As for the actual military capacity for China to invade Taiwan? They don’t really have that either.
There’s been more than enough ink spilled on this topic by people much smarter than I am, but I’d tell you to just go read Crossing the Strait and the China Maritime Report #22 instead of summarizing it all here. They don’t have the lift capacity or logistical capacity to actually do this.
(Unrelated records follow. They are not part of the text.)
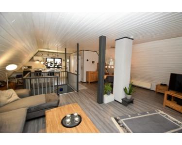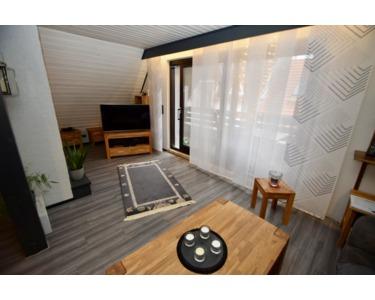 Der Wohnbereich mit offener Küche, Essecke und Wohnzimmer mit Süd-Balkon befinden sich auf einer Ebene im Dachgeschoss.
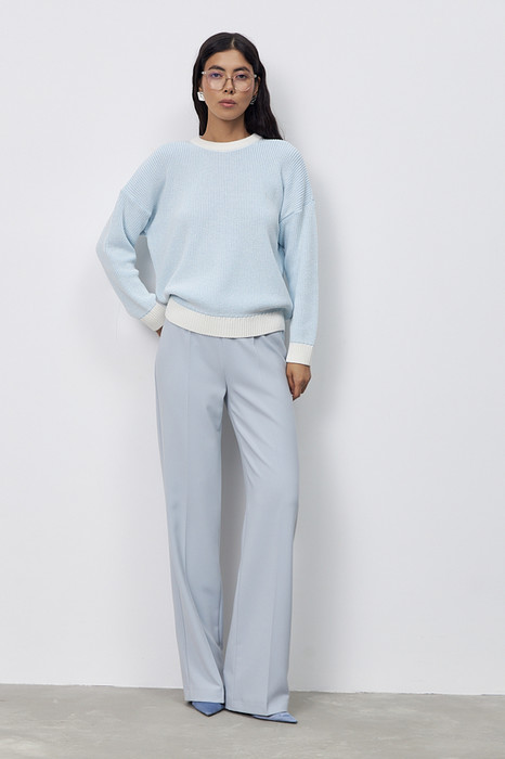 Брюки прямого силуэта из костюмной ткани. Пояс притачной с эластичной резиной.
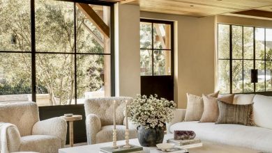 This room is a Sunday afternoon: it is casual, layered and warm. Lived-in rectangle living room, linen low-slung sectional and matching ottomans set the tone of the room. The homey centre table (with piled books and fresh branches vase) takes the room to another level of thoughtfulness that can also be defined as charming. In this case, lounging and reading furniture prevail, whereas the huge windows with black frames swoop serenity. A neutral carpet grounds the room, and it has shown that you do not have to use bright colors to have a depth. And in case you want some decor ideas as enticing as kicking off your shoes, this setup is a lesson in easygoing elegance.
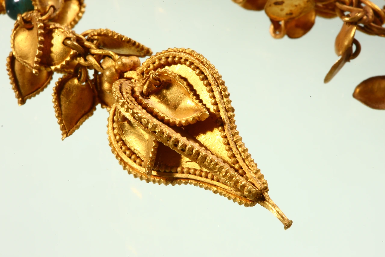 이제 두 개의 줄기 중 짧은 줄을 보자. 짧은 줄은 앞의 그것과 다르게, 나뭇잎 모양의 장식을 달았다. 나뭇잎 장식의 테두리는 새김눈테를 둘러 더 화려하게 장식했다(새김눈테: 금판에 촘촘히 홈을 내어 금알갱이를 이어 붙인 것과 같은 효과를 주는 장식 기법). 돋보기도 없이 일일이 눈으로 들여다보고 하나씩 작업했을 텐데, 그 정성이 대단하지 않은가. 그리고 그 사이에 짙은 초록을 색을 가진 둥근 옥을 함께 달아 장식성을 끌어 올렸다. 하단부는 보다 큰 나뭇잎 모양으로 장식해 상하단부 균형을 맞췄다.
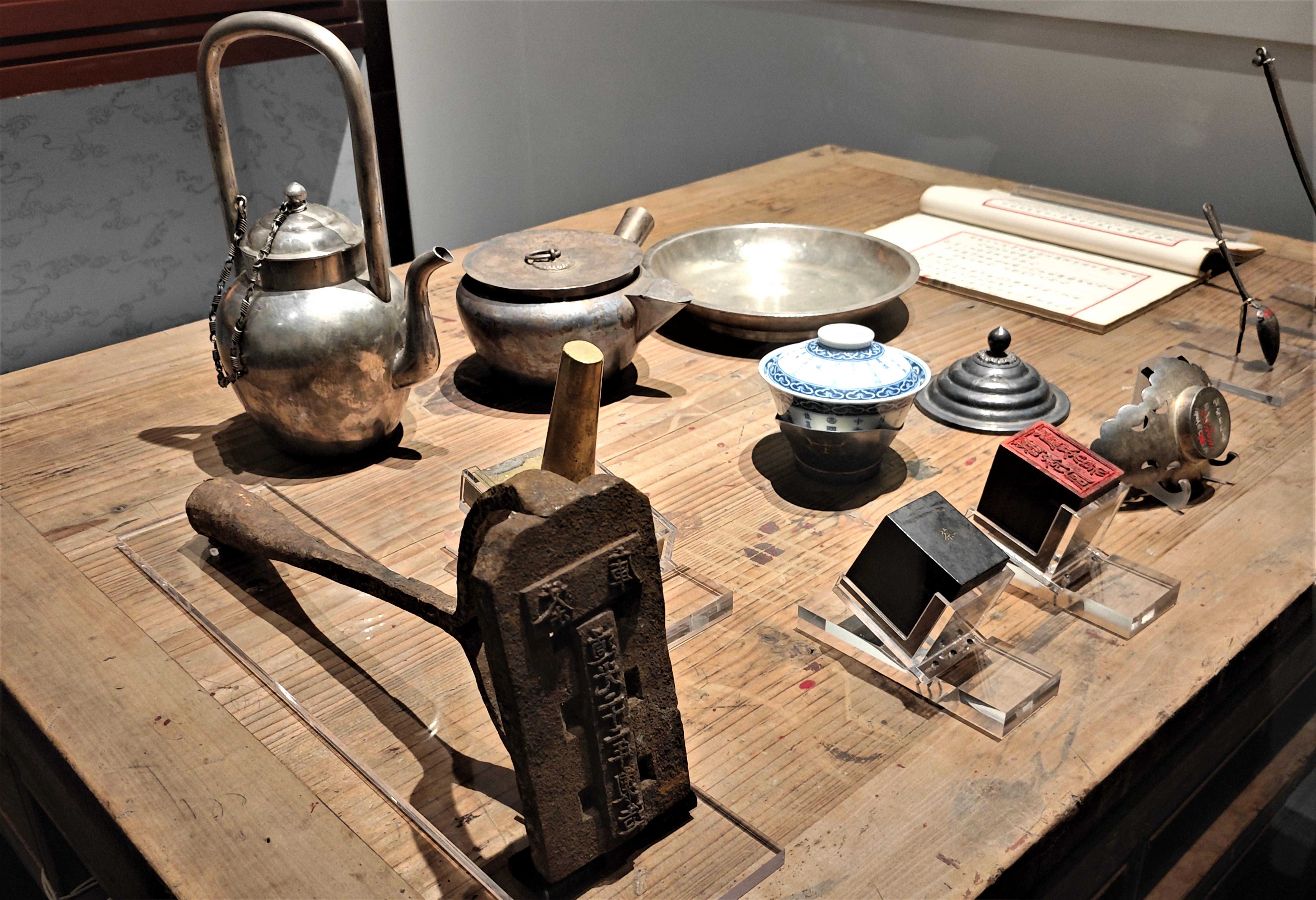 展览中还有来自英国、日本、俄罗斯的茶器精品,还有清代宫廷中使用和收藏的来自异域的茶器,以及由清宫造办处制作的外国风格的茶器。比如:故宫博物院收藏的日本银鸢尾花纹茶具套装、法国蓝釉描金寿字纹茶具、俄罗斯银刻花双耳六足盘,以及维多利亚与艾伯特博物馆收藏的“中国风”茶具、英国沃克斯豪尔瓷厂烧造的软瓷印花青花庭院图茶叶罐、德国麦森瓷厂烧造的红陶模印花卉纹壶、珐琅彩描金人物图杯及杯托等。
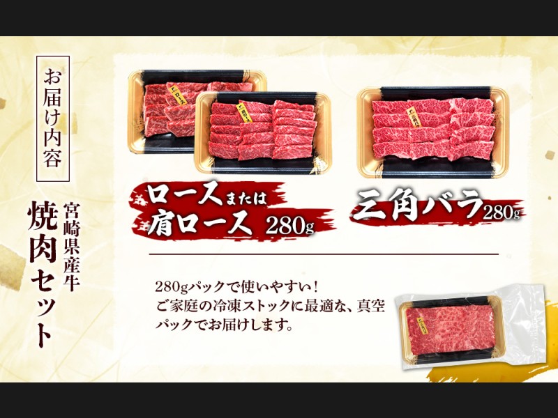 宮崎県産 黒牛 焼肉 赤身 牛肉 焼肉セット ロース 肩ロース 三角バラ 2点盛り 560g(280g × 2パック)焼肉...
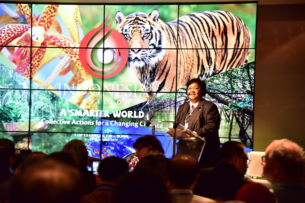 Bonn-Jerman, Biro Humas Kementerian Lingkungan Hidup dan Kehutanan (KLHK), Kamis, 16 November 2017. Seiring semangat negosiasi pengendalian perubahan iklim pada COP 23 UNFCCC, Menteri LHK, Siti Nurbay...

Moreover, we haven't even touched upon the immense attritional toll that the Taiwanese would exact upon any PLA force attempting a crossing. As the USAF launches LRASMs and JASSMs from every available B-21, spanning from Anderson AFB to South Dakota, the scenario is akin to attempting an even more resource-intensive Operation Overlord in 1941 after the Wehrmacht had fortified the beach for 70 years in anticipation. The PLAN has yet to even conduct a single practice landing.
All of this is far from an exhaustive set of reasons why the uber-hawk line on China makes essentially no sense. I didn’t even mention the dozens of other foreign strategic priorities China has instead of Taiwan or their economic interests.
However, let's be clear: this does not imply that China is not a formidable competitor to the United States. Nor am I suggesting that they lack nationalistic and revanchist claims over the SCS and Taiwan. They operate under a repressive regime that warrants opposition, and their treatment of the Uighur population in Xinjiang is nothing short of atrocious.
We should take their ascent seriously in terms of American grand strategy and how we should invest our military capabilities, our posture, and in the relationships we have with partners and allies in the region. But can we please do this without losing our fucking minds?